While the emphasis on inhibitors of ROCK activation for the therapeutic management of POAG is well-placed, it is equally important to identify pathways upstream or parallel to RhoA-ROCK, and cross-talk between different pathways. Examples include signaling through integrins19,20,21, TGFβ221,22, autotaxin-LPA23, JNK-paxillin24, and cross-talk between TGFβ, integrins, and the ECM25 to name a few. An additional possible player is PrPC, a documented inducer of EMT through β1-integrin and RhoA-ROCK activation5,7,11,26. This question deserves attention because PrPC is cleaved by members of the disintegrin and matrix-metalloprotease family of enzymes that are upregulated in the aqueous humor (AH) of glaucomatous eyes27,28, and is likely to confound the pathogenesis and therapeutic management of POAG through cross-talk with other pathways29.

Here, we explored the expression and functional significance of PrPC in the TM of human, bovine, and mouse eyes. We demonstrate that PrPC is expressed in the TM of all three species, and plays a significant role in maintaining the ECM structure at this site. In addition, significant amounts of soluble PrPC are present in the AH, suggesting constitutive or regulated shedding of membrane-bound PrPC in the anterior segment30.

Results

Expression of PrPC in human, bovine, and murine trabecular meshwork

Immunoreaction of human TM sections for PrPC showed strong reaction in all layers of the TM (Fig. 1a, panels 1 & 2). Reaction with mouse IgG and H&E staining of serial sections confirmed the specificity of the immunoreaction and accurate identification of the TM region (Fig. 1a, panels 3 & 4). A similar evaluation of non-permeabilized primary human TM cells revealed expression of PrPC on the plasma membrane as in neuronal and other cells (Fig. 1b, panel 1, arrowheads)31. No reaction was detected with non-specific mouse IgG processed in parallel (Fig. 1b, panel 2).

Figure 1
figure 1

Distribution of PrPC in the human trabecular meshwork. (a) Immunoreaction of human TM section with PrP-specific antibody 3F4 followed by Alexa fluor 546-conjugated secondary antibody shows strong reactivity in all layers of the TM (panel 1). High magnification image demonstrates expression of PrPC on the plasma membrane of TM cells (panel 2). A serial section reacted with mouse IgG and Alexa fluor 546-conjugated secondary antibody shows no reaction (panel 3).

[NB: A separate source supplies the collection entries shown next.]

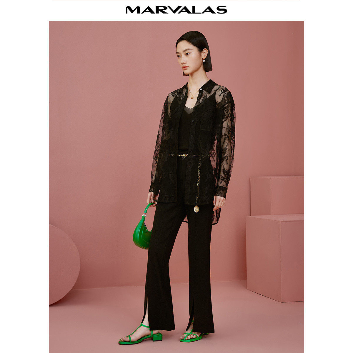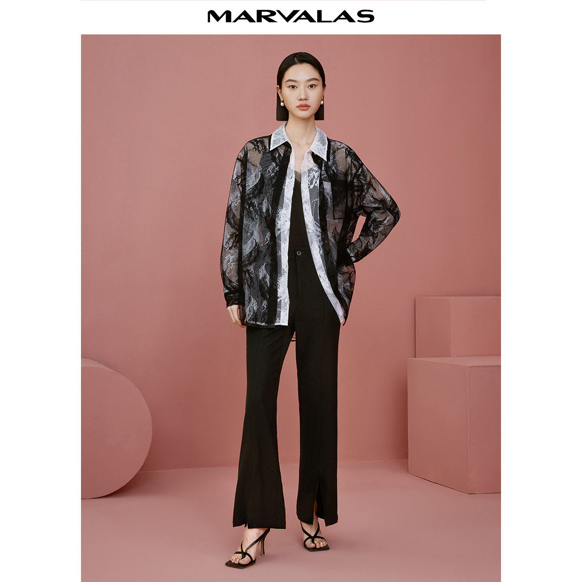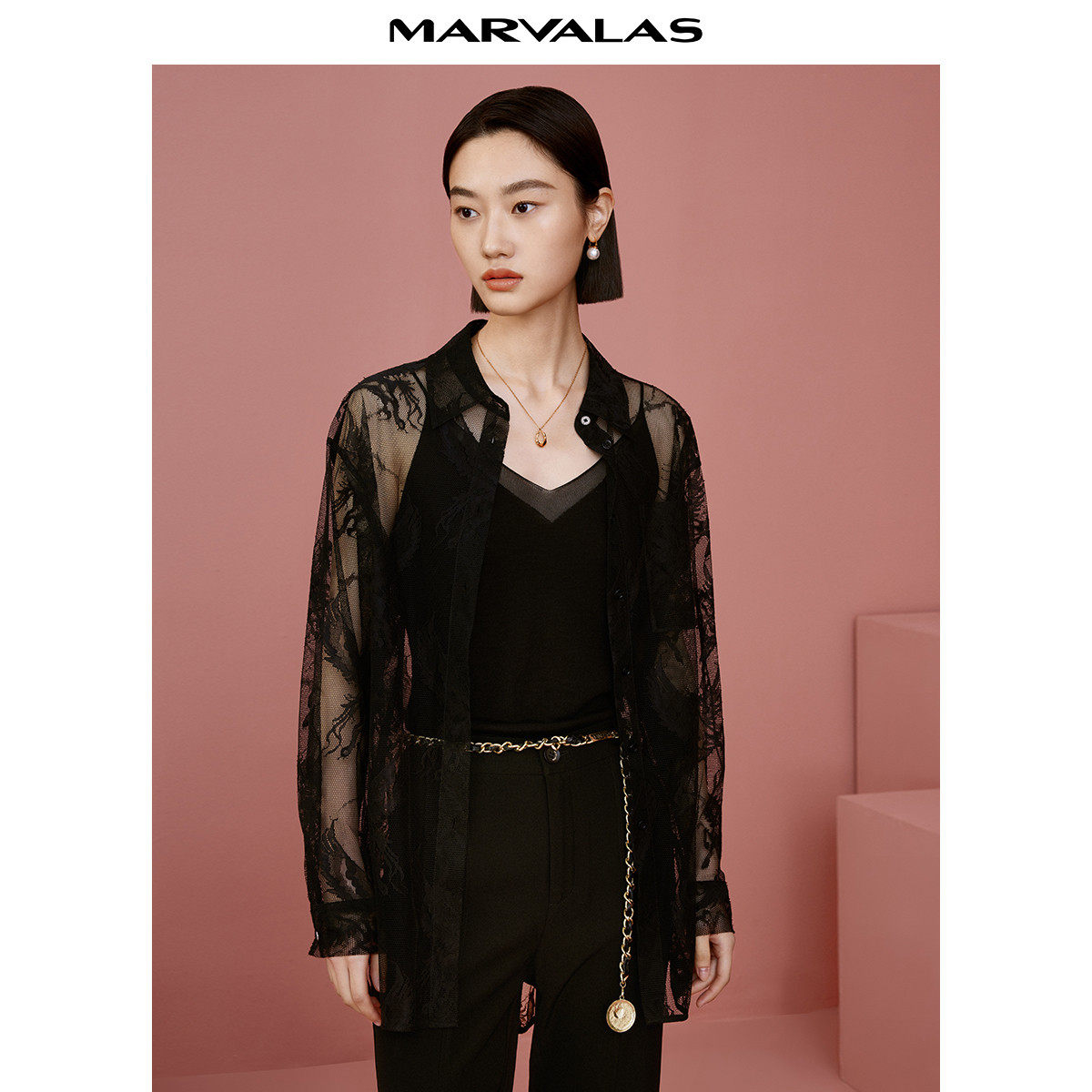 【廖廖粉丝专属】早春浪漫蕾丝提花衬衫春季网纱镂空
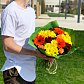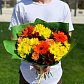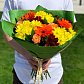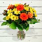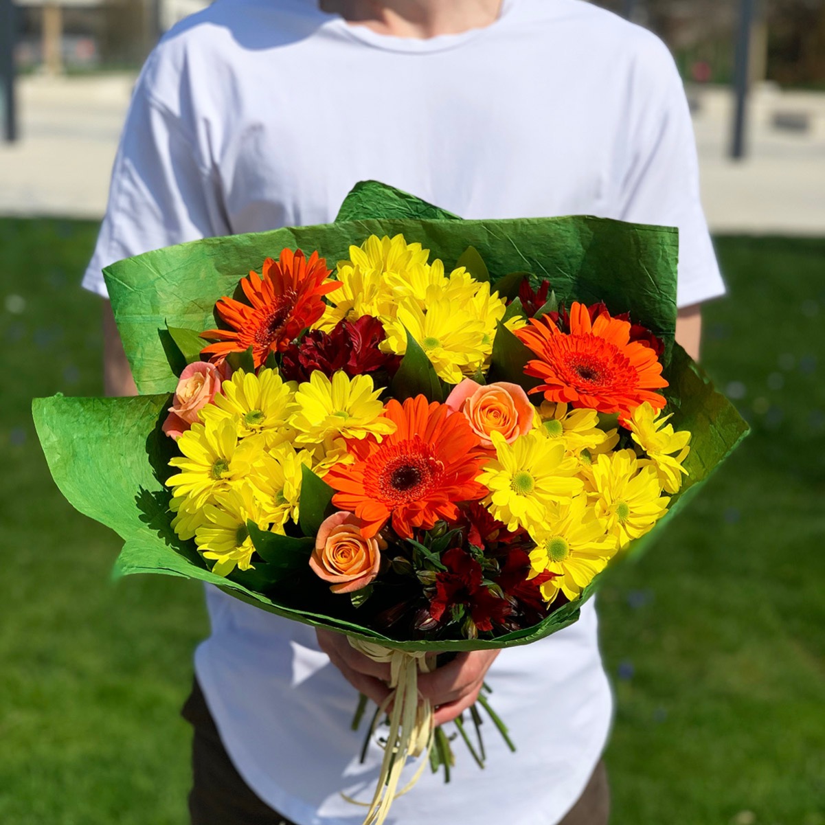 Букет из 3 оранжевых гербер, 3 роз "Мисс Пигги", 3 желтых кустовых хризантем, 3 красных альстромерий. Упаковка жатая бумага.Диаметр букета - 30 см.
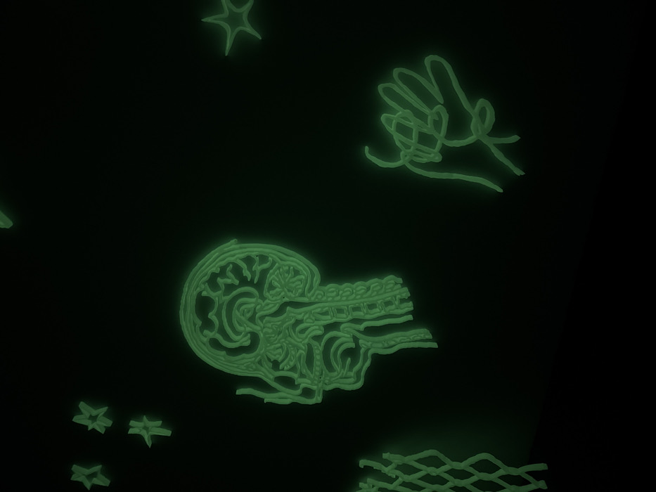 Glowing green line art on a dark background depicts various objects. A human skull dominates the center, filled with intricate internal details. Above it, a hand manipulates a tangled thread. Scattered around are stars and a grid pattern, possibly representing a net or woven material. The overall effect is mysterious and surreal, suggesting a dreamlike or otherworldly scene.
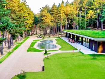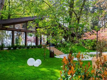 потрясающий вид, шикарный парк, очень уютная территория, дорожки, альпак, павлины. планировка коттеджей продумана до мелочей - стильно, удобно. Теплые полы, эксплуатируемая крыш - и частный "садик" на ней! Великолепные массажные столы в СПА центре, теплые полотенца
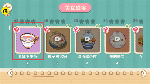 2、進(jìn)入【美食盛宴】,點(diǎn)擊【名媛下午茶】開啟收納。

H&E staining of a serial section confirms the TM region and Schlemm’s canal (SC) (panel 4). Scale bar: 25 µm. (b) Non-permeabilized primary human TM cells reacted with 3F4 followed by Alexa Fluor 488-conjugated secondary antibody show expression of PrPC on the plasma membrane (panel 1). No reaction is detected in control cells exposed to mouse IgG followed by the same secondary antibody (panel 2). Scale bar: 25 µm.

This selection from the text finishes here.